Teraz Wietnam + Koncerty 2016

Teraz Wietnam + Koncerty 2016

Warszawskiemu minifestiwalowi muzycznemu Radio Azja związanym z filmowym festiwalem Pięć Smaków zawdzięczam nieprawdopodobny koncert najdzikszego japońskiego wiolonczelisty (Hiromichi Sakamoto), barwnych nowobuddystów (Be-being) i koreańskich imprezowiczów (UhUhBoo Project). Wszystkie były przeżyciami swoistymi.

I pewnie nie inaczej będzie z duetem Nguyen Le & Ngo Hong Quang, który już jutro wystąpi w stołecznej Hydrozagadce.
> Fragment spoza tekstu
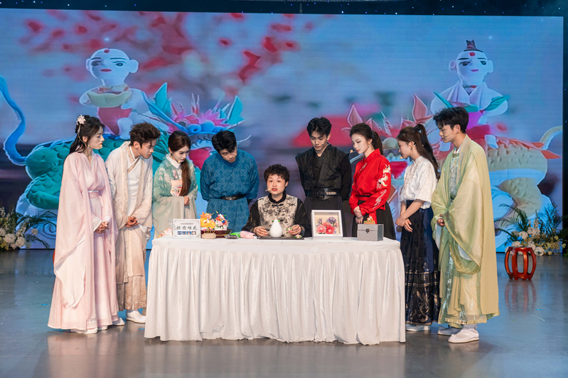 晚上七点,歌会在歌曲《刀剑如梦》中拉开帷幕,激昂的旋律、洒脱的唱腔瞬间点燃现场氛围。“侠风傲骨”“诗韵流芳”“匠心遗韵”三个篇章中,《关山酒》《天下》等歌曲传递家国情怀,《入画江南》《知否知否》演绎江南雅致与诗词底蕴,《青丝》缠绵悱恻,《但愿人长久》寄情明月,一首首融入传统文化元素的歌曲,将古韵之美与青春之声交织融合。其间,非遗展示表演与互动环节穿插进行,让观众在视听盛宴中感受匠心传承的魅力。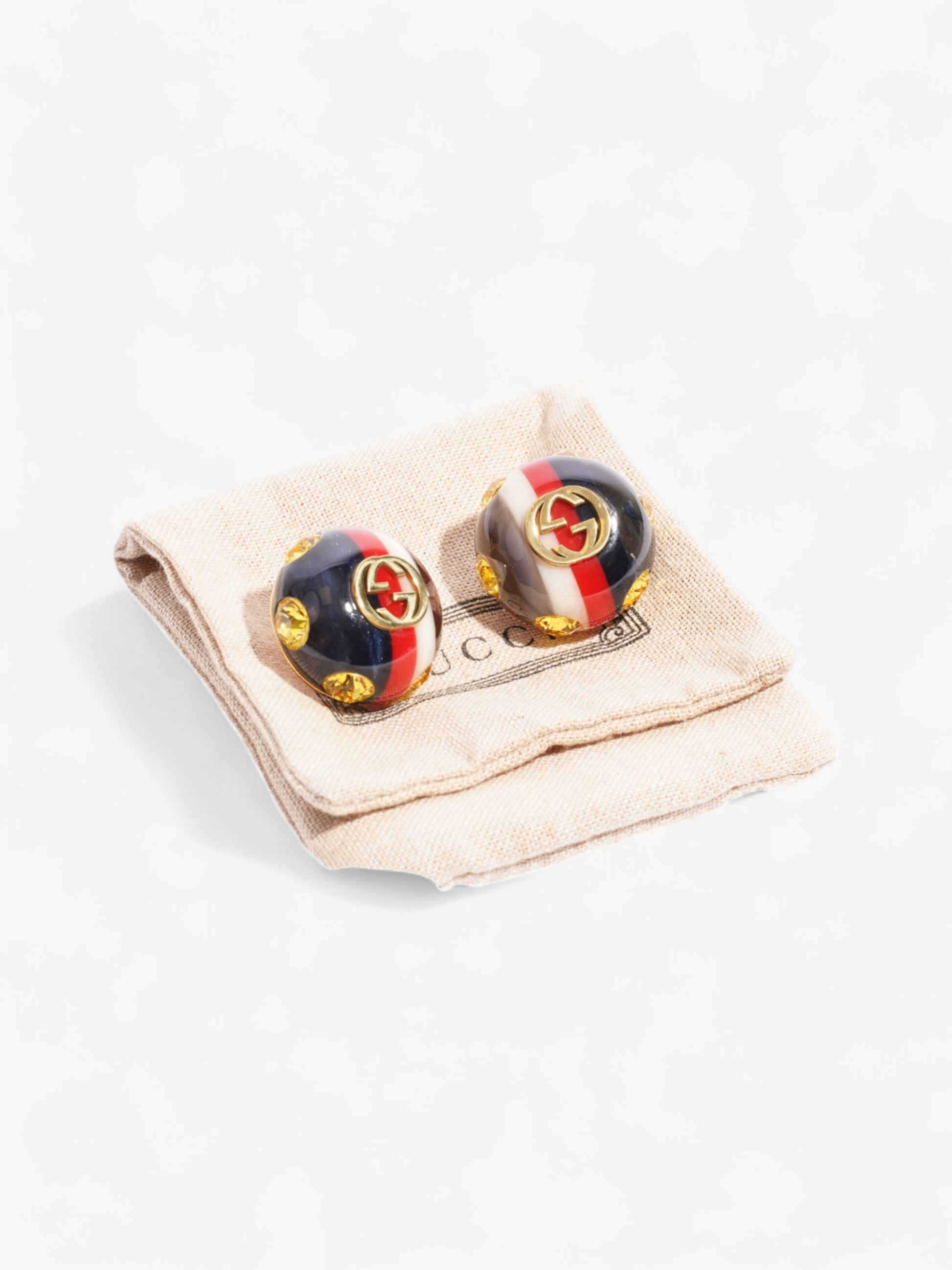 Gucci Web Stud Earrings Gold / Yellow / Blue Resin

Zespołu zbyt dobrze nie znam, ale właśnie po to są tego rodzaju festiwale – patrz Skrzyżowanie Kultury, Ethno Port czy Brave – że coś rzeczywiście odkryć, a nie odgrzać. Poza tym pewnie to dla wielu z nas pierwsza i być może ostatnia szansa w życiu, by spotkać muzyków z tego wciąż odległego kraju.

Z pierwszych przecieków wynika, że w przyszłym roku oferta Radia Azja może się poszerzyć (trzymam kciuki). A tymczasem najważniejszy, a zarazem najgorzej umiejscowiony koncert 2016 roku już oficjalnie ogłoszono: 28 marca, czyli w Wielki Poniedziałek, w gdańskim Teatrze Szekspirowskim zagrają japońskie dziewczyny z Tricot. Od lat odwiedzały Słowację, czekaliśmy i czekaliśmy, a tu taki termin. Ale i tak trzeba.

Na drugie wydarzenie roku zapowiada mi się białostocki Halfway Festival, bo po kilku ciekawych ogłoszeniach dodali spektakularne – przyjazd zjawiskowej islandzkiej grupy Mammút, z którą miałem nawet okazję krótko rozmawiać, wcześniej się zachwyciwszy. Więcej wstępnych przyszłorocznych zapowiedzi scenicznych znajdziecie w zakładce koncertowej. Jak zawsze zapraszam do uzupełnień.

Na zdjęciu Nguyen Le, foto: Alain Hervier

Fine.




2 komentarze

  1. wieczór pisze:

    Dzisiaj niestety pewnie mnie nie będzie, ale bardzo cieszę, że w przyszłym roku Radio Azja będzie większe (bo teraz to chyba tylko ten jeden koncert).

    I tak, Tricot obowiązkowo. Zresztą tak, jak i Halfway. Byłem tam w zeszłym roku po raz drugi (poprzednio na pierwszej edycji, jeszcze w starym gmachu opery i z the Mountain Goats w line upie) i wiem, żę będę często wracał do Białegostoku. Choć z ogłoszonych koncertów na przyszły rok, najbardziej ucieszyła mnie Polly Harvey.

  2. Kuba pisze:

    Trzeba. Dawno nie zaglądałem, a tu na samej górze takie wieści! Data i miejsce karkołomne jak się mieszka na południu, ale zawsze to i pretekst żeby od razu zacząć planować wycieczkę do Tricity!